Si fueras muy, muy cuidadoso, podrías desenredar los soportes al colocarlos en un gel sobre un gradiente de temperatura. Las hélices que no coinciden se derretirían y se detendrían en el gel ligeramente antes que las perfectamente combinadas ya que tenían menos enlaces de hidrógeno que las mantenían juntas. Es difícil de hacer, pero lo puse a trabajar, aunque los polimorfismos de conformación de un solo hilo (un poco torpes, pero básicamente hebras simples secuenciadas de forma ligeramente diferente que hacen bolas nudosas de diferentes formas cuando se enfrían rápidamente) fueron un poco más confiables.

Supongo que en estos días la secuenciación es tan fácil con los secuenciadores automáticos que simplemente ejecutarías durante toda la noche y la computadora te diría el puntaje por la mañana.

Lo que debe hacer es PCR en el mismo tramo de ADN de dos fuentes diferentes, ‘derretirlas’, es decir, calentarlas lo suficiente como para que todas sus hélices dobles se desenreden y se conviertan en hebras individuales, luego se enfríen lo suficientemente lentamente como para que las dobles hélices se reforman en lugar de emparejar bolas nudosas de una sola hebra, pero no tan lentamente que cada hebra coincida con su secuencia exactamente opuesta.
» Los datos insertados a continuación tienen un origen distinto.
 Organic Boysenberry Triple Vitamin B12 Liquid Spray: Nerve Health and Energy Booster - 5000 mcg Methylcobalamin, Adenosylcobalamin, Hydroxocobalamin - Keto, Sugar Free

Debería terminar con hélices formadas por una cadena de cada fuente, que bien puede tener exactamente este tipo de desajuste cuando un par de bases es diferente. Luego intenta detectar dónde están los desajustes. El tetróxido de osmio hizo el truco al encajar en los huecos y cortar la doble hélice. Electroforesis la muestra y obtienes fragmentos que te dicen exactamente qué tan lejos estaba la falta de coincidencia, pero OsO4 era una sustancia sangrienta y horrible con la que trabajar y esto estaba anticuado incluso cuando lo usé. Si fueras muy, muy cuidadoso, podrías desenredar los soportes al colocarlos en un gel sobre un gradiente de temperatura. Las hélices que no coinciden se derretirían y se detendrían en el gel ligeramente antes que las perfectamente combinadas, ya que tenían menos enlaces de hidrógeno que las mantenían juntas. Es difícil de hacer, pero lo puse a trabajar, aunque los polimorfismos de conformación de un solo hilo (un poco torpes, pero básicamente hebras simples secuenciadas de forma ligeramente diferente que hacen bolas nudosas de diferentes formas cuando se enfrían rápidamente) fueron un poco más confiables.

Bueno, tales emparejamientos ocurren ocasionalmente cuando las bases cambian temporalmente a otro tautómero, y probablemente sea la causa de parte de la tasa de mutación espontánea.